What you need to do:
Copy the lines below exactly. No picture goes into the copy.

Source material:
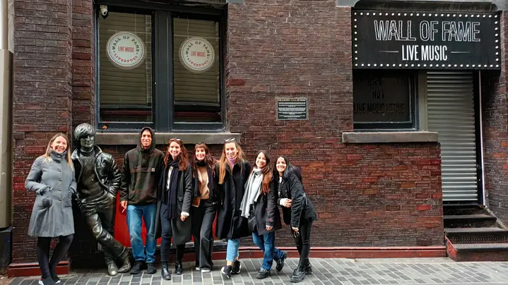 Von dort aus machten wir uns auf den Weg zur Mathew St im Cavern Quarter, dem Höhepunkt des Films. Der Geist der Beatles und der Rhythmus der verrücktesten und unterhaltsamsten Stadt im Vereinigten Königreich werden uns verfolgen.
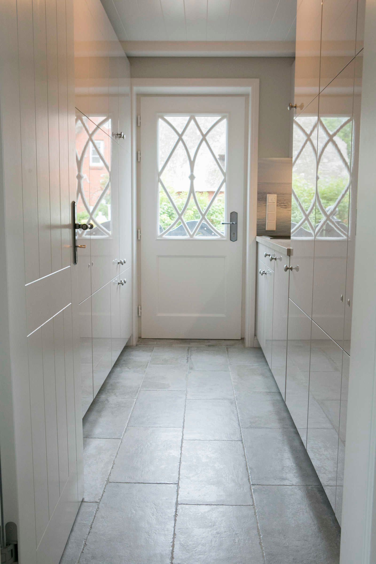 Der daneben befindliche Hauswirtschaftsraum bietet einen Waschtrockner sowie eine Spüle und viel Schrankplatz.
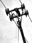 The power supply differed from those in other countries in that, as a collector, a four-wheeled truck ran underneath the wires, held in place by a trolley pole in the usual manner. The possible deviation on either side of the direct route was 10–12 feet (3.0 to 3.5 m). The cars were usually equipped with two 15-horsepower (11 kW) motors and had a carrying capacity of 20 to 24 passengers.[1] Its design and construction have been so perfected that it would take easily very sharp curves, and would not leave the trolley wires even when running at a speed of 18 miles per hour (29 km/h). They could master larger grades than trams, it was claimed.[2] The overhead wires had a diameter of 3⁄8 inch (9.5 mm) for 600 Volt direct current and could be used in both directions. The drivers stood upright in a cab similar to that of a tram.

Task answer:
 Von dort aus machten wir uns auf den Weg zur Mathew St im Cavern Quarter, dem Höhepunkt des Films. Der Geist der Beatles und der Rhythmus der verrücktesten und unterhaltsamsten Stadt im Vereinigten Königreich werden uns verfolgen.
 Der daneben befindliche Hauswirtschaftsraum bietet einen Waschtrockner sowie eine Spüle und viel Schrankplatz.
 The power supply differed from those in other countries in that, as a collector, a four-wheeled truck ran underneath the wires, held in place by a trolley pole in the usual manner. The possible deviation on either side of the direct route was 10–12 feet (3.0 to 3.5 m). The cars were usually equipped with two 15-horsepower (11 kW) motors and had a carrying capacity of 20 to 24 passengers.[1] Its design and construction have been so perfected that it would take easily very sharp curves, and would not leave the trolley wires even when running at a speed of 18 miles per hour (29 km/h). They could master larger grades than trams, it was claimed.[2] The overhead wires had a diameter of 3⁄8 inch (9.5 mm) for 600 Volt direct current and could be used in both directions. The drivers stood upright in a cab similar to that of a tram.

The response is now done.